Art. 18, più ideologia che altro

Il 15 e il 16 giugno si svolgeranno i referendum sull’articolo 18 e sulla «servitù coattiva degli elettrodotti». Non c’è dubbio che il primo abbia preso la scena al secondo. Il motivo è semplice: perché chiede l’estensione del diritto al reintegro in caso di licenziamento senza giusta causa a tutti i lavoratori, anche quelli di aziende con meno di 15 dipendenti. In molti però sostengono che si tratti di un referendum «politico» che poco ha a che vedere con il lavoro. Gli stessi sindacati si presentano divisi con la sola Cgil favorevole al sì. Molte perplessità anche sul fronte dei partiti: quasi tutti per l’astensione ad eccezione di Rifondazione comunista e dei Verdi. L’agenzia Sir ne ha parlato con Antonio Maria Baggio, docente di etica sociale alla Pontificia Università Gregoriana.

Professor Baggio, quale è la reale posta in gioco del referendum sull’articolo 18?

«Il referendum sull’articolo 18 si inscrive in una storia di contrapposizione ideologica che non risolve alcun problema. La reale posta in gioco non viene risolta con il referendum. Infatti tutta l’Unione europea è alle prese con l’introduzione di una normativa comune in merito a contratti e orari di lavoro, alla formazione continua dei lavoratori, all’efficienza delle imprese, alla sicurezza e alla tutela dei lavoratori. Questi temi non possono essere affrontati in maniera ideologica. Lo dimostra il fatto che nel febbraio dell’anno scorso il Governo italiano e quello inglese hanno firmato un documento comune su questo argomento. Quindi, chi si muove ideologicamente si trova spiazzato».

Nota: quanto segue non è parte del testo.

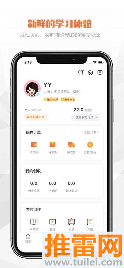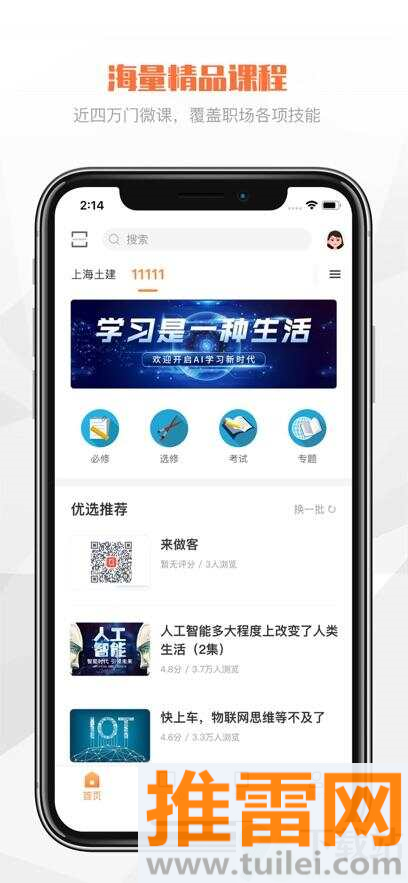 3、登录后进入首页的学习中心栏目,里面会列出推荐课程和正在进行的学习任务,点击即可查看详情。

Come valutare le diverse posizioni?

«Le posizioni ideologiche presenti all’interno del mondo industriale e del sindacato espongono il Paese a dei forti rischi. Anzitutto quello che l’opinione pubblica approvi soluzioni obsolete, come quelle indicate dal referendum. Estendere i contenuti dell’articolo 18 anche alle imprese che non superano i 15 dipendenti significa prendere di mira solo i lavoratori dipendenti, considerati ancora alla stregua della massa operaia degli anni ’60/’70. Oggi ci sono nuove figure di lavoratori che vanno tutelati. Il referendum che ci viene proposto non si occupa minimamente di essi. Un altro rischio, quindi, è mantenersi su posizioni ormai arretrate senza riflettere sulle nuove figure del lavoro. L’auspicio è che all’interno dei due schieramenti, industriali e sindacati, prevalgano forze ragionevoli, che cerchino il dialogo».

È possibile non prestare il fianco a strumentalizzazioni?

«La strumentalizzazione è nel referendum stesso. Il problema da affrontare, infatti, è più vasto; riguarda tutta la riorganizzazione del lavoro e la tutela dei vecchi e dei nuovi lavoratori. Presentare il referendum chiedendo l’estensione dell’articolo 18 alle imprese sotto i 15 dipendenti è già una strumentalizzazione: si usa un problema reale per portare vantaggi a quelle classi dirigenziali che non hanno intenzione di rinnovarsi. L’errore fondamentale è stato mettere in discussione l’articolo 18. Bisognava piuttosto porre mano a una riforma d’insieme con agli altri Paesi europei».

Perché un errore mettere in discussione l’articolo 18?

«L’articolo 18 riconosce ai lavoratori dei diritti essenziali che riguardano la persona. Esso, infatti, introduce l’idea che per licenziare un lavoratore è necessaria una giusta causa o un motivo giustificato. Se questa condizione non venisse rispettata, il giudice reintegra il lavoratore nel posto di lavoro e stabilisce anche un risarcimento. Questo articolo, legato al mondo del lavoro, è tutelato dalla Costituzione ed è un principio di civiltà. Il referendum che abbiamo davanti sposta il problema, perché parte da un principio enunciato 30 anni fa – che avrebbe bisogno di una riforma proprio per essere salvaguardato – e ne fa un criterio intoccabile nel modo di esecuzione».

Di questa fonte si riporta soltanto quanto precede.